A don Antonio, como a todos los pesados, cargantes e inoportunos, no le afectaba la gota fría, el efecto invernadero, el recalentamiento de la atmósfera, la pertinaz sequía, las inundaciones, ni los temporales de la provincia de Tarragona. No se extinguen ni se agotan. Permanecen inalterables a través del tiempo, siempre en guardia, prestos y dispuestos a intervenir.
Una mañana, en la explanada del patio de la Tercera División, a nuestro compañero Antonio Muñoz Pozo se le cayó una caja de cerillas delante de don Antonio Pérez. Al momento, el “sagaz inspector”, con la seguridad de haber “cobrado pieza” y la satisfacción dibujada en su rostro, le preguntó para qué necesitaba las cerillas.
—¿Para qué voy a quererlas don Antonio? Pues para encender las velas de la iglesia —respondió Pozo, ante la burla general de los presentes, entre los cuales me encontraba—.
Este profesor tenía auténtica pasión por oliscar, ventear u olfatear nuestras ropas y nuestros alientos, con la ilusión nada secreta de encontrar un “corpus delicti”, que le permitiera asegurar:
—¡Vargas, tú has fumado!
Cuando desde hacía mucho tiempo eso lo sabía todo el mundo. Profesores, sacerdotes, monjas, alumnos de los primeros cursos y el personal no docente en bloque, sabían que fumábamos. Vargas, ante el inspector, negaba la evidencia y el resto de compañeros, que lo escoltábamos a los váteres en tan insana misión, ratificábamos la veracidad de sus palabras. Don Antonio no se daba por vencido. Dejaba a Vargas por un momento, se fijaba en otro alumno y sin pensarlo dos veces le lanzaba la acusación:
—¡Almansa, tú sí has fumado!
—Pero don Antonio; si a Luis no le gusta el tabaco —contestábamos—.

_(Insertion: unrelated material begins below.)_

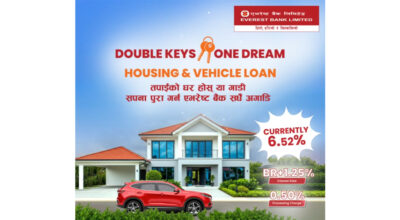 ३ भदाै, काठमाडौं । एभरेष्ट बैंकले ६.५२ प्रतिशतमै घर र सवारी कर्जा उपलब्ध गराउने भएको छ

—A ver Almansa, abre la boca y échame el aliento —ordenaba el inspector—.
Ante semejante exigencia, Luisito Almansa, si no había comido piel de naranja para disimular el olor del tabaco, ponía una cara feísima, cerraba la boca en vez de abrirla y, como si fuera a silbar un bolero, iba expulsando el aire lentamente. Don Antonio, mirando al cielo para concentrarse mejor y pegando la nariz todo lo que podía a la boca de Almansa, intentaba detectar aromas de nicotina en el resuello del actual alcalde de Guadalix de la Sierra, provincia de Madrid. Al final, siempre acababa mascullando:
—No sé, no sé; yo creo que sí has fumado.
En estas actividades, tan trascendentales y educativas, se consumía muchos días la media hora de “patio” de que disponíamos antes de subir al estudio.